** MATERIALS PROVIDED follows **
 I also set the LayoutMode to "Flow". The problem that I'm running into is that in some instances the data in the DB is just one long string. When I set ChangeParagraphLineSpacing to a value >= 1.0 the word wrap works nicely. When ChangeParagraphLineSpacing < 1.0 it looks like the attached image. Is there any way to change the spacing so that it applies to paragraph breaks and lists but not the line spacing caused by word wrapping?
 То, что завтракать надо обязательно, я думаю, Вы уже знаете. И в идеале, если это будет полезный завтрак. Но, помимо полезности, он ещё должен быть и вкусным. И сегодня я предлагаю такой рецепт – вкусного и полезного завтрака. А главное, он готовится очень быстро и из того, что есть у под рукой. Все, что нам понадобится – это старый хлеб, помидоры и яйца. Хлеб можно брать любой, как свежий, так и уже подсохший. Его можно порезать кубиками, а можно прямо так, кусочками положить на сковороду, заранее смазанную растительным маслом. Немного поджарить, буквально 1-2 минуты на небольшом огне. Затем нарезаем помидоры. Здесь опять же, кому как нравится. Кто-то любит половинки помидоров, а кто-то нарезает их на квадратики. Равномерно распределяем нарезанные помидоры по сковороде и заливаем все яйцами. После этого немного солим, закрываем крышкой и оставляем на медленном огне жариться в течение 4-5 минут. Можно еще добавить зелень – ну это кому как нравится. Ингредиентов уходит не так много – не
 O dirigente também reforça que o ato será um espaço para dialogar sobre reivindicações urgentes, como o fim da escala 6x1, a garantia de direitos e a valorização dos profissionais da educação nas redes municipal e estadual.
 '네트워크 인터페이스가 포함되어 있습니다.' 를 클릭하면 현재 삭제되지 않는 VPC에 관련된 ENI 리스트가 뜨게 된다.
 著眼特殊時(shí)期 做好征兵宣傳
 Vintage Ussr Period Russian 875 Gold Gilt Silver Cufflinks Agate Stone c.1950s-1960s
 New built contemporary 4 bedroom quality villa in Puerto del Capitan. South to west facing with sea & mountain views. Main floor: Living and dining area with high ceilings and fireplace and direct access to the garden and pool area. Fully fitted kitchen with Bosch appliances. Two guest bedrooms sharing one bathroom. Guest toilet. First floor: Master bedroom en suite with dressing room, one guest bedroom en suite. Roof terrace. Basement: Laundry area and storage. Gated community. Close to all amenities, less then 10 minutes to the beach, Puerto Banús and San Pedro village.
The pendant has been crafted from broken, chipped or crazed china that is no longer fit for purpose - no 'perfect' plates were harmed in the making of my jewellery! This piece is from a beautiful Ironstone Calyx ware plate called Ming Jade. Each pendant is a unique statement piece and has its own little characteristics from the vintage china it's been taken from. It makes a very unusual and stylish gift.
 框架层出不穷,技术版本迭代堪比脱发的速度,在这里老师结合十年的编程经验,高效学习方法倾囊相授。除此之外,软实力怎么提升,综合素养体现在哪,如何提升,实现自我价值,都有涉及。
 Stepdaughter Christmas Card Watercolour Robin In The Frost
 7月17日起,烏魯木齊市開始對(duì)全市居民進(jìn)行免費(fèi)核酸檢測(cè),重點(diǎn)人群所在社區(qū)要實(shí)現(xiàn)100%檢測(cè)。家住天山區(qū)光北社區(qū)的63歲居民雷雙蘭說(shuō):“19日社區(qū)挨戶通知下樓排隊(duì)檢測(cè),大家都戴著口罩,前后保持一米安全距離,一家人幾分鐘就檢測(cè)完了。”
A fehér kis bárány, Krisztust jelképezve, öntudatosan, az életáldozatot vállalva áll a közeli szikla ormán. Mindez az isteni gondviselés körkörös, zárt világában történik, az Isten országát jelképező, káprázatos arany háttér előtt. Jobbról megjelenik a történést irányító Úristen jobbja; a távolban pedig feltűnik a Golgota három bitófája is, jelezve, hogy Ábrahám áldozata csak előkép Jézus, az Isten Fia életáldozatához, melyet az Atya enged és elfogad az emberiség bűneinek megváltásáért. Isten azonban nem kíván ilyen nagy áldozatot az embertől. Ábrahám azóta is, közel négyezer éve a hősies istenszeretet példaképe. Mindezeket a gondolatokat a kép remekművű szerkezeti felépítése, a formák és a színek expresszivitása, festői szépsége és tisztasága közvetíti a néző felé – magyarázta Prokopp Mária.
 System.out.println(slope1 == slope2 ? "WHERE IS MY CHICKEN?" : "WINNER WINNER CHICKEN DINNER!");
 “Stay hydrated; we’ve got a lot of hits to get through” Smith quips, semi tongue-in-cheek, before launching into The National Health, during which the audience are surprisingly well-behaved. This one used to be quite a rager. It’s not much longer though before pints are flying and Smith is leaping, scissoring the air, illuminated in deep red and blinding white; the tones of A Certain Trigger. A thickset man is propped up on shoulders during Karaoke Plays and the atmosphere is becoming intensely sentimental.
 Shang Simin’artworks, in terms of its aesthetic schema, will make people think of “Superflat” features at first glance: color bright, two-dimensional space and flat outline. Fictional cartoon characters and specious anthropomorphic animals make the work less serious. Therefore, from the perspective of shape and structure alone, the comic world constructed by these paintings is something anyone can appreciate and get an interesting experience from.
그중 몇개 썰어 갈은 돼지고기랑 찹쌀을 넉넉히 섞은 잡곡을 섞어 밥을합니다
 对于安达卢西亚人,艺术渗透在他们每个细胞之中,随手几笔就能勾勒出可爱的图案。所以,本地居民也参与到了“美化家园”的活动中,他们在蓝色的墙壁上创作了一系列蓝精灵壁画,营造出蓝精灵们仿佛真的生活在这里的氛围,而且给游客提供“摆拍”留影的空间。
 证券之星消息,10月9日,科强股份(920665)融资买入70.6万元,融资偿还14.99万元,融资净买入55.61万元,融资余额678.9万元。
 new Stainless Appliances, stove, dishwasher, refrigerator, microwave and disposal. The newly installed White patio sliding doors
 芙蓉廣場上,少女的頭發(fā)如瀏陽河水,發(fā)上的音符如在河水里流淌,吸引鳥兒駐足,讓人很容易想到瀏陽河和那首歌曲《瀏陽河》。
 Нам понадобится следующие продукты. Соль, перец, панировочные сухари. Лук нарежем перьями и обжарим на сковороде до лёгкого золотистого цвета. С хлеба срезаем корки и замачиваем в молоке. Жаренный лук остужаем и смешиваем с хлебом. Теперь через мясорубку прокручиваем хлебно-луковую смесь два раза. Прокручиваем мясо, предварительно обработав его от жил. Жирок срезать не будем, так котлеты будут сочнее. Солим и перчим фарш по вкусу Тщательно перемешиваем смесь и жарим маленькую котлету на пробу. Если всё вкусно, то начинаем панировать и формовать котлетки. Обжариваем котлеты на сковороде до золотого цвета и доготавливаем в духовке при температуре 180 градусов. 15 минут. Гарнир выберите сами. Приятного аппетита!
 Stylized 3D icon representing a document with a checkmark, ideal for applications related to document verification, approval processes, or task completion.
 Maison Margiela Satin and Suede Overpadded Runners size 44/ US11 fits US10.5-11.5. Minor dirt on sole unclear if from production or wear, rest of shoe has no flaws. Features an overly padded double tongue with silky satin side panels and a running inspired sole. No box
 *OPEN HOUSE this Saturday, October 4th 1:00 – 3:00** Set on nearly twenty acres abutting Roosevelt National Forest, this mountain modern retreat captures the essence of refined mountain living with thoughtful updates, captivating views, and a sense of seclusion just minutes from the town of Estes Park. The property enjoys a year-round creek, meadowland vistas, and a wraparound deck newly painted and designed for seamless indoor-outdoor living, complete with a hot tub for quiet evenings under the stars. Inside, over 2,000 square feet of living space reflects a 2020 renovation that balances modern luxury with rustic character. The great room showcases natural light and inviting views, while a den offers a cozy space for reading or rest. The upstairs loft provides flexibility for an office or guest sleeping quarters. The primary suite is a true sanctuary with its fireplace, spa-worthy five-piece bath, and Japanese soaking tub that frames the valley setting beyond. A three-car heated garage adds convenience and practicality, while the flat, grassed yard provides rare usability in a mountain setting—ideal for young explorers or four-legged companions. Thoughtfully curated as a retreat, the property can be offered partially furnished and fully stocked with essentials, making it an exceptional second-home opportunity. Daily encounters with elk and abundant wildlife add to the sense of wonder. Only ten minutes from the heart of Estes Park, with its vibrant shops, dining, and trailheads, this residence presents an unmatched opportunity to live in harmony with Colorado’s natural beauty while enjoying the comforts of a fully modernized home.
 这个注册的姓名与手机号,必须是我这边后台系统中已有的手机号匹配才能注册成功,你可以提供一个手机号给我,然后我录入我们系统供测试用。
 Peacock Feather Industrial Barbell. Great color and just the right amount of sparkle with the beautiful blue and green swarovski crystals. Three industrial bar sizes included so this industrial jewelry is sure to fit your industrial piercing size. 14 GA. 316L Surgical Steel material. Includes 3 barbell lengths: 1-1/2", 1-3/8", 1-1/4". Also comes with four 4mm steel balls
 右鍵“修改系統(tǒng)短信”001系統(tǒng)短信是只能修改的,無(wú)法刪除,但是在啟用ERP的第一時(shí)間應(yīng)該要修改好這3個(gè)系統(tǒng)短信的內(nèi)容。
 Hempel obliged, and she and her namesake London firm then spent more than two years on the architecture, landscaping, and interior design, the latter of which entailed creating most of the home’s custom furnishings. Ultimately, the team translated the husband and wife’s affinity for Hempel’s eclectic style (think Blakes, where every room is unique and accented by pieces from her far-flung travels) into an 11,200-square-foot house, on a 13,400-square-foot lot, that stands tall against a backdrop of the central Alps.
** End of MATERIALS PROVIDED **
# THE PROBLEM
Reproducing the whole listing above is not the task. Copy exactly only the lines from the one with "证券之星消息,10月9日,科" to the one with "芙蓉廣場上,少女的頭發(fā", both kept.

# OUTPUT OF THE EXERCISE
 证券之星消息,10月9日,科强股份(920665)融资买入70.6万元,融资偿还14.99万元,融资净买入55.61万元,融资余额678.9万元。
 new Stainless Appliances, stove, dishwasher, refrigerator, microwave and disposal. The newly installed White patio sliding doors
 芙蓉廣場上,少女的頭發(fā)如瀏陽河水,發(fā)上的音符如在河水里流淌,吸引鳥兒駐足,讓人很容易想到瀏陽河和那首歌曲《瀏陽河》。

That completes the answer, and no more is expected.